Urlaubsabgeltung bei Tod des Arbeitnehmers im laufenden Arbeitsverhältnis

Endet das Arbeitsverhältnis durch den Tod des Arbeitnehmers, haben dessen Erben nach § 1922 Abs. 1 BGB iVm. § 7 Abs. 4 Bundesurlaubsgesetz (BUrlG) Anspruch auf Abgeltung des von dem Erblasser nicht genommenen Urlaubs.

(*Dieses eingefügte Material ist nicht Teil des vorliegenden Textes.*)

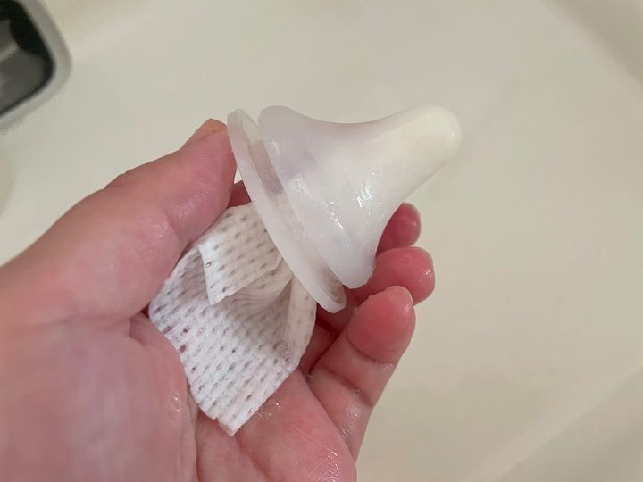 洗いにくい哺乳瓶の乳首部分も、ミラクルキッチンワイプスは薄くて細かい場所も洗えるので、乳首の先にも入ってきれいに洗えます。
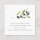 Una tarjeta de visita botánica de forma cuadrada única presenta una rama de olivo acuarela pintada a mano por Victoria Grigaliunas. Utilice los campos de plantilla para personalizar con su nombre, título, información comercial y dirección web de código QR. Añada sus detalles de contacto completos al reverso en blanco sobre un fondo verde de sabio sólido complementario. Adecuado para cualquier negocio o para usar como una tarjeta mommy. Para ver diseños más exclusivos de tarjetas de visita y plantillas profesionales de tarjetas de visita visite www.zazzle.com/dotellabelle

Die Klägerin ist Alleinerbin ihres am 20. Dezember 2010 verstorbenen Ehemanns (Erblasser), dessen Arbeitsverhältnis mit der Beklagten durch seinen Tod endete. Nach § 26 des auf das Arbeitsverhältnis anwendbaren Tarifvertrags für den öffentlichen Dienst (TVöD) standen dem Erblasser in jedem Kalenderjahr 30 Arbeitstage Urlaub zu. Der Erblasser wurde mit Wirkung vom 18. August 2010 als schwerbehinderter Mensch anerkannt. Er hatte danach gemäß § 125 Abs. 1 Satz 1, Abs. 2 SGB IX aF für das Jahr 2010 Anspruch auf anteiligen Zusatzurlaub von zwei Arbeitstagen. Die Klägerin verlangt die Abgeltung des Resturlaubs von insgesamt 25 Arbeitstagen, der ihrem verstorbenen Ehemann zum Zeitpunkt seines Todes für das Jahr 2010 noch zustand.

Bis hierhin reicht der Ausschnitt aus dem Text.